Received that new choke/relay today, and prior to plugging the new module in, I figure I check the resistance real quick, just in case.

The resistance is the same value as my suspected bad module, 5 Ohms...

I guess I'll be spending some time under the dash chasing wires and looking for 'hot spots'. What a way to spend the weekend. :mad:

Expect to hear back from me by Monday, attitude permitting.
 
Stereo blowing I.O.D. Fuse - Fixed

Diagnostics revealed that one of the speakers inside the door panel was bad. After looking at the original radio, it was of no surprise. Why it took so long to finally blow up, is beyond me.

The original radio was only putting out 7 watts per channel. Hence the amplifier is required to drive the 35 watt speakers inside the door panels. My replacement MP3 player is putting out 50 watts per channel. The amplifier sees this beefed up signal and then tries to dump the already further enhanced signal into those poor underpowered speakers.
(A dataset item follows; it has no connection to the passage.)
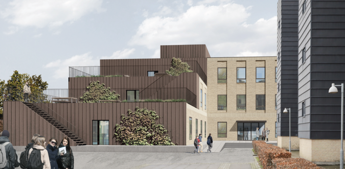 Den nye bygning indeholder 77 nye værelser i varierende størrelser, fordelt på 5 forskellige værelsestypologier - Herunder 2 større tilgængeligsheds værelser, der opfylder kravet til kørestolsbrugere.

Solution: Replaced the speakers with some nicely 200 watt rated Pioneer speakers; bypassed the relay and wired new speakers directly into the stereo's circuitry.

Cost: $200 for a set of speakers and cable, along with 2 hrs of time.

While I'm not an audiophile, I can already appreciate the higher quality of those speakers. These things sound so much crisper and cleaner. No distortion whatsoever at the higher dB levels. Makes me wonder how I could've lived so long without them.



Thanks for all of your input and advise. 'fortunate1' inquired if I had 'bombed' my stereo. Apparently I did; the dead speaker is the 'smoking gun'.



--Martin--
 
IOD fuse

Nevada Bad Boy,



What is an IOD fuse; are they different than regular fuses or circut breakers? I also live in Carson City.
 
IOD stands for Ignition Off Drain. It's a regular 15 Amp fuse, located in the fuse panel on the left side of the cab. That fuse keeps the power going while the ignition key is tured off. It powers the interior lights, the radio's clock/memory and possibly other low current devices.



Sure glad that this chapter has been closed. My next project will be the KDP Fix. Awaiting the arrival of KDP Jig. If anyone in Northern Nevada needs to have this surgery done, please contact me and I can arrange for delivery.



jmtandem, are you in need of the KDP Jig??